1. Shorter vein-to-vein time - faster manufacturing may have a differential value in sub sets of patient populations especially when linked to the rate of disease progression.  This may be of particular importance sub-nationally with Centres of Excellence, to justify Hospital formulary inclusion in discrete populations. 

2. ‘The armoured car’ approach - here extra ‘Car’ architecture is valuable if it translates into tangible safety and efficacy benefits.  To payers, better T-cell activation is valuable if it leads to improved overall survival; a better adverse event profile is valuable, if it translates into fewer hospitalisations without compromising durability of response.

3. Value by line of therapy - this is a major consideration for new targets.   Target antigen failures are a growing issue.  Positive data outcomes may be more challenging to generate in 4L use vs. 3L.  Equally, 3L use may offer a more attractive commercial opportunity but may require H2H data.  These issues need to be thought through, to shape investment and value proposition focus. 

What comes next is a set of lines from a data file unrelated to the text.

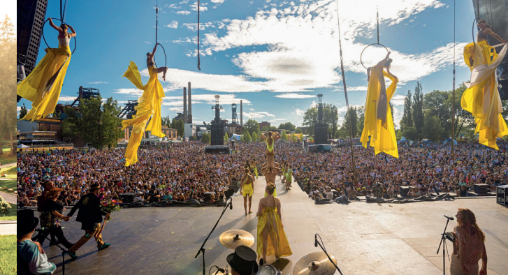
Colours of Ostrava
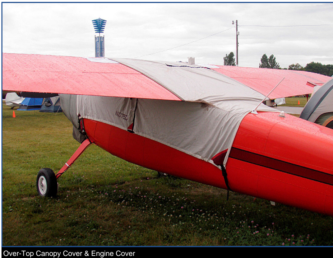
Over-Top Canopy Cover &amp; Engine Cover
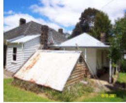
23189 Brisbane Hill north side 0289
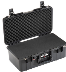
1506WF With Foam
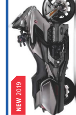
GL1800 GOLD WING A LICENCE Power Output: 124.7 HP Seat Height: 745 mm Fuel Tank Capacity: 21.1 L Fuel Consumption: 50.4 mpg Kerb Weight: 385 kg
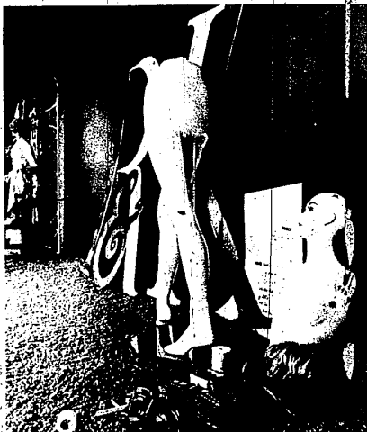
... then you add some props . . .
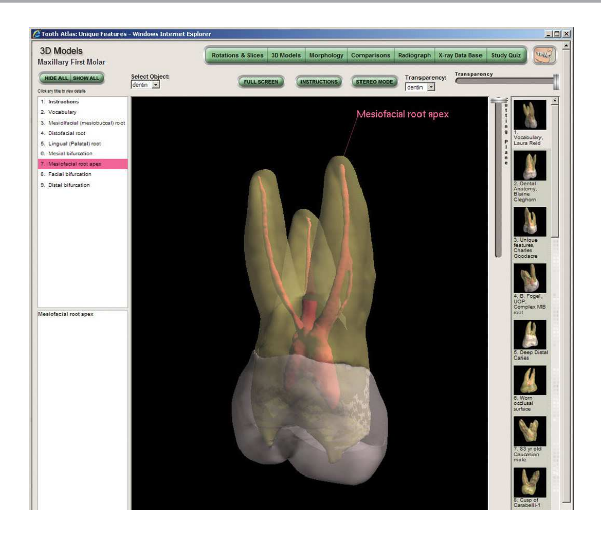
Figure 2. The Tooth Atlas 3D allows students to explore dental anatomy in three dimensions

system (VitalSource Technologies, Inc., Raleigh, NC; www.vitalsource.com) offered a library of textbooks that students could read on the computer, annotate, and cross-reference. However, one study<sup>40</sup> found that student satisfaction with the system was limited, mainly due to the effort required for reading extensive amounts of text on the computer and perceived high costs. The results were mirrored in a recent report,41 which showed that 75 percent of college students prefer hardcopy as opposed to etextbooks. However, the march towards e-books in general, and e-textbooks in particular, seems inexorable as an increasing amount of content is moved to digital format. Many other technologies, such as intelligent tutoring applications, 42 student response systems, 43 and lecture recording and broadcasting 44
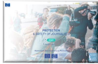
Protection and Safety of Journalists
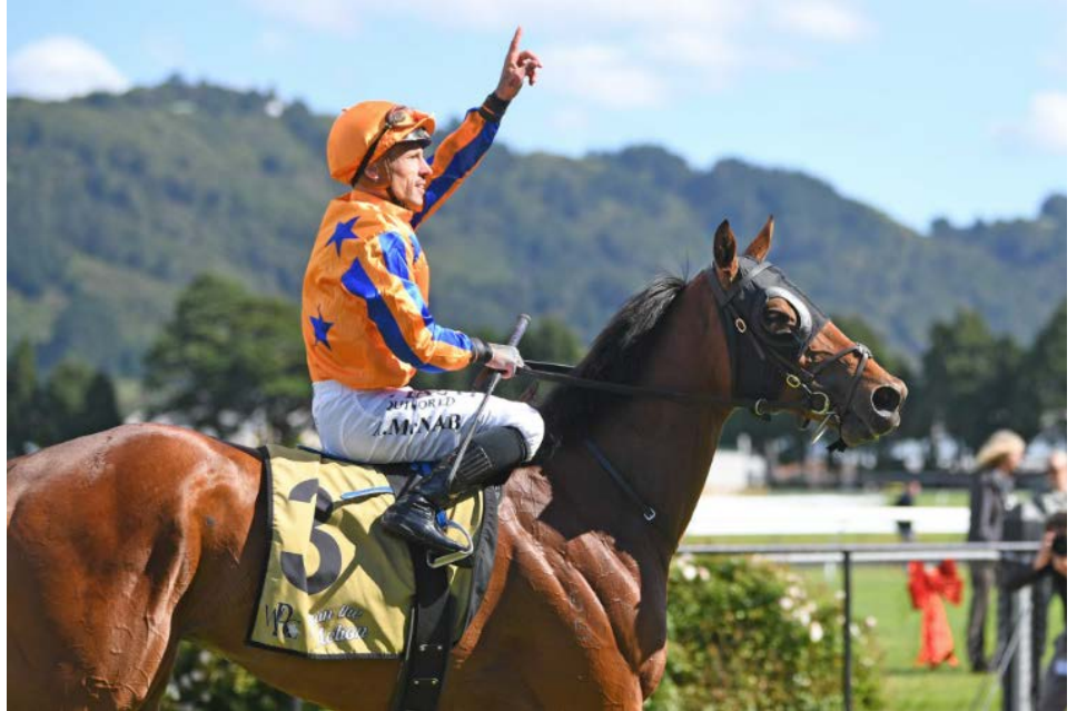
Prise De Fer

4. Market Payer archetypes (economic vs. clinical drivers).  Using the example of allogeneic CAR-Ts (‘off the shelf’ products), potential cost savings may not be enough in indications with established autologous CAR-T products, when dealing with clinically driven HTAs (e.g. Germany) especially if the allo’s are associated with poorer efficacy and adverse event profile. 

Concluding a trilogy of presentations, Omar Ali (Visiting Lecturer, Value Based Pricing & Former Adviser to NICE, Unicersity of Portsmouth) put forward the premise that payers are not just worried about one drug, it’s the queue of drugs behind it that keeps them up at night.  Uncertainty is only going to increase especially with the gene and cell therapy area, ‘blossoming’.  This is compounded by the fact that many of the smaller biotechs developing assets or tech platforms have a limited understanding of access and reimbursement pathways.  

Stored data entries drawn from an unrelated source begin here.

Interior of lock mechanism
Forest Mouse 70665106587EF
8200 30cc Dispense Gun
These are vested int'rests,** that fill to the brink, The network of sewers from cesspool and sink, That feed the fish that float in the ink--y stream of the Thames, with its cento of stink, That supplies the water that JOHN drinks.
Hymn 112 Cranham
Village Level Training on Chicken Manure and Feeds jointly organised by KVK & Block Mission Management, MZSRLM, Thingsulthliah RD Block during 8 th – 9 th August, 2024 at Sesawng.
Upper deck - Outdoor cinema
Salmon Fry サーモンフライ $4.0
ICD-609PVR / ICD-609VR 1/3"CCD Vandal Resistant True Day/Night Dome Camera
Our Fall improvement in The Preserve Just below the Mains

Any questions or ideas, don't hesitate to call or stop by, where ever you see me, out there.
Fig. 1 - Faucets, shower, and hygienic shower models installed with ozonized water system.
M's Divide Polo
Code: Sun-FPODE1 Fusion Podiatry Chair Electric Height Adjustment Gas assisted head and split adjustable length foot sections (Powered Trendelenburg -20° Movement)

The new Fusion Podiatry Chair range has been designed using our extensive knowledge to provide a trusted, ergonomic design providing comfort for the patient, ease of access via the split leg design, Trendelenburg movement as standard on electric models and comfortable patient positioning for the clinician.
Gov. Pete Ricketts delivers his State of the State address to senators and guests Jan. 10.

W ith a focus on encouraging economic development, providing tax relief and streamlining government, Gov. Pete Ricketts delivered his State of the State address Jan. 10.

Value Based Agreements (VBAs) - where uncertainty is reduced by money being paid back including graduated rebates linked to efficacy thresholds not being met - are one example where the “solving for a problem” mindset is supporting greater access to innovative medicines.  Individual Financial Agreements (IFAs) including upper and lower cap thresholds and Indication Based Pricing (IBP) are two other mechanisms being deployed, to reduce the uncertainty for Payers.  With the latter, a drug with different indications may have a different value in each, given different levels of unmet need and value generated.  

Fundamentally, there is a difference between “I can’t afford it so reduce the price” versus “I can’t afford it, but how do we partner to come up with a different payment mechanism, as I acknowledge the unmet need or the QUALY gain is in the right ‘ball-park’.”  This requires early and regular dialogue with Payers, to support the right mindset of approach.  Perhaps the premise to put forward is that it’s not about ‘buying’  CAR-Ts per se, but rather  ‘buying remission’ and discussing how that influences the value being sought for patients and the broader healthcare system.